Activity: Please output the listing below character for character and omit the images.

--- START ---

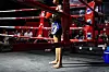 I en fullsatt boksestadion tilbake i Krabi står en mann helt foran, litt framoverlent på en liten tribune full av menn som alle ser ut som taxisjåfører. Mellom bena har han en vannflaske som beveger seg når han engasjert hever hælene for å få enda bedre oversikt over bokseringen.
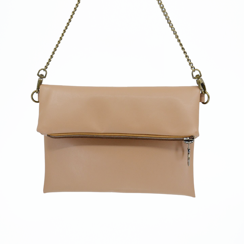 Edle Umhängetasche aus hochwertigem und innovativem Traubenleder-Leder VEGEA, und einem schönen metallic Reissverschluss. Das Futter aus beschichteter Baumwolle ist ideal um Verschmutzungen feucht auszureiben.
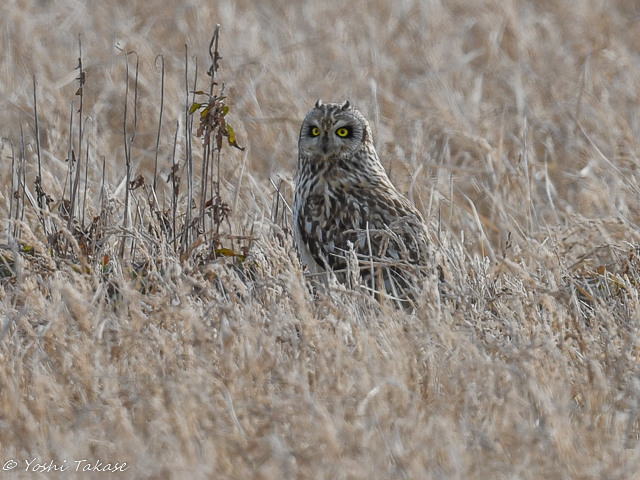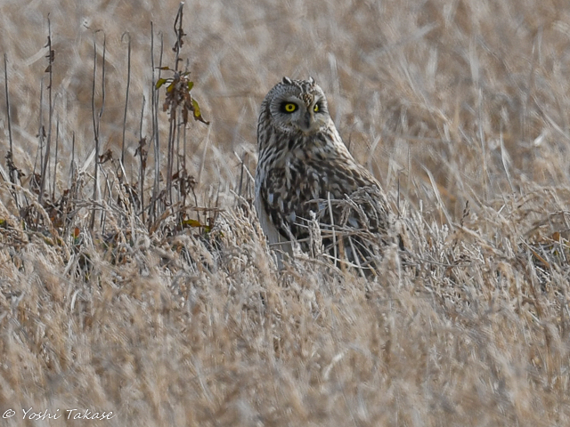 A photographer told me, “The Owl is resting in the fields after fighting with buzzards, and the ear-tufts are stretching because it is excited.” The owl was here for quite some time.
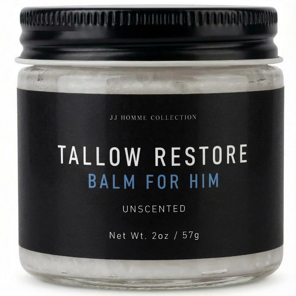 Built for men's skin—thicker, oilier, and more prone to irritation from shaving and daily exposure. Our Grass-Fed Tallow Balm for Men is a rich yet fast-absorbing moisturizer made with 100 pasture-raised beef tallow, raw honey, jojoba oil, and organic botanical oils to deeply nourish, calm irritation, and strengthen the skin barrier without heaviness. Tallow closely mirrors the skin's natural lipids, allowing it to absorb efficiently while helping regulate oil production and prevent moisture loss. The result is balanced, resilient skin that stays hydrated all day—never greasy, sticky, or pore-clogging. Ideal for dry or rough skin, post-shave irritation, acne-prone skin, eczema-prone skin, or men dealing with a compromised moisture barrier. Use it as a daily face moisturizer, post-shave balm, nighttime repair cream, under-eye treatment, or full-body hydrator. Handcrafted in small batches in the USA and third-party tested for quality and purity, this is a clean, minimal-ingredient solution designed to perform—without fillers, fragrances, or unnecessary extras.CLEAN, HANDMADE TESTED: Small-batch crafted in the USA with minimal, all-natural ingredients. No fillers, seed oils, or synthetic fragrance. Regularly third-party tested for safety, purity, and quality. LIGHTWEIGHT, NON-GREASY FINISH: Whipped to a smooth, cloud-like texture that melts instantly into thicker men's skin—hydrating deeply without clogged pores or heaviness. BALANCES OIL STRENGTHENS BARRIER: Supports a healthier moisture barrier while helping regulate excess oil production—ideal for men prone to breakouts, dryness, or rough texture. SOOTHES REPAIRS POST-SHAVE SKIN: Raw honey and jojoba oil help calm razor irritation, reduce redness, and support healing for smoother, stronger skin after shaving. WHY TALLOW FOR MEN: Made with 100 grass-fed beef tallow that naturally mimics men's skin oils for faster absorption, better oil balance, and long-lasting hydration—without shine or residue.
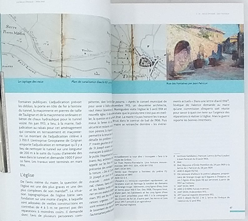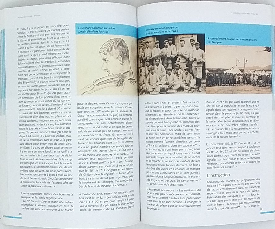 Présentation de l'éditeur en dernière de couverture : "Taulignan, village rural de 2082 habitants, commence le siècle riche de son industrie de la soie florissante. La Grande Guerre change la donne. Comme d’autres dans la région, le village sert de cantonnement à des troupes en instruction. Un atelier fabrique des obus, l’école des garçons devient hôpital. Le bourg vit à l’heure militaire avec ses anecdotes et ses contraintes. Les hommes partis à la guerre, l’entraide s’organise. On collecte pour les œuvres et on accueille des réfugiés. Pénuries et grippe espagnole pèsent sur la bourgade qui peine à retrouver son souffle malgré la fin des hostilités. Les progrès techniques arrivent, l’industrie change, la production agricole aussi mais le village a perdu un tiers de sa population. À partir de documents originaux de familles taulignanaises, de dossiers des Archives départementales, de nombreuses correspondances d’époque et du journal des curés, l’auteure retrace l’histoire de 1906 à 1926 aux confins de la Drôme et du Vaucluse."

--- END ---

Exercise output:
 I en fullsatt boksestadion tilbake i Krabi står en mann helt foran, litt framoverlent på en liten tribune full av menn som alle ser ut som taxisjåfører. Mellom bena har han en vannflaske som beveger seg når han engasjert hever hælene for å få enda bedre oversikt over bokseringen.
 Edle Umhängetasche aus hochwertigem und innovativem Traubenleder-Leder VEGEA, und einem schönen metallic Reissverschluss. Das Futter aus beschichteter Baumwolle ist ideal um Verschmutzungen feucht auszureiben.
 A photographer told me, “The Owl is resting in the fields after fighting with buzzards, and the ear-tufts are stretching because it is excited.” The owl was here for quite some time.
 Built for men's skin—thicker, oilier, and more prone to irritation from shaving and daily exposure. Our Grass-Fed Tallow Balm for Men is a rich yet fast-absorbing moisturizer made with 100 pasture-raised beef tallow, raw honey, jojoba oil, and organic botanical oils to deeply nourish, calm irritation, and strengthen the skin barrier without heaviness. Tallow closely mirrors the skin's natural lipids, allowing it to absorb efficiently while helping regulate oil production and prevent moisture loss. The result is balanced, resilient skin that stays hydrated all day—never greasy, sticky, or pore-clogging. Ideal for dry or rough skin, post-shave irritation, acne-prone skin, eczema-prone skin, or men dealing with a compromised moisture barrier. Use it as a daily face moisturizer, post-shave balm, nighttime repair cream, under-eye treatment, or full-body hydrator. Handcrafted in small batches in the USA and third-party tested for quality and purity, this is a clean, minimal-ingredient solution designed to perform—without fillers, fragrances, or unnecessary extras.CLEAN, HANDMADE TESTED: Small-batch crafted in the USA with minimal, all-natural ingredients. No fillers, seed oils, or synthetic fragrance. Regularly third-party tested for safety, purity, and quality. LIGHTWEIGHT, NON-GREASY FINISH: Whipped to a smooth, cloud-like texture that melts instantly into thicker men's skin—hydrating deeply without clogged pores or heaviness. BALANCES OIL STRENGTHENS BARRIER: Supports a healthier moisture barrier while helping regulate excess oil production—ideal for men prone to breakouts, dryness, or rough texture. SOOTHES REPAIRS POST-SHAVE SKIN: Raw honey and jojoba oil help calm razor irritation, reduce redness, and support healing for smoother, stronger skin after shaving. WHY TALLOW FOR MEN: Made with 100 grass-fed beef tallow that naturally mimics men's skin oils for faster absorption, better oil balance, and long-lasting hydration—without shine or residue.
 Présentation de l'éditeur en dernière de couverture : "Taulignan, village rural de 2082 habitants, commence le siècle riche de son industrie de la soie florissante. La Grande Guerre change la donne. Comme d’autres dans la région, le village sert de cantonnement à des troupes en instruction. Un atelier fabrique des obus, l’école des garçons devient hôpital. Le bourg vit à l’heure militaire avec ses anecdotes et ses contraintes. Les hommes partis à la guerre, l’entraide s’organise. On collecte pour les œuvres et on accueille des réfugiés. Pénuries et grippe espagnole pèsent sur la bourgade qui peine à retrouver son souffle malgré la fin des hostilités. Les progrès techniques arrivent, l’industrie change, la production agricole aussi mais le village a perdu un tiers de sa population. À partir de documents originaux de familles taulignanaises, de dossiers des Archives départementales, de nombreuses correspondances d’époque et du journal des curés, l’auteure retrace l’histoire de 1906 à 1926 aux confins de la Drôme et du Vaucluse."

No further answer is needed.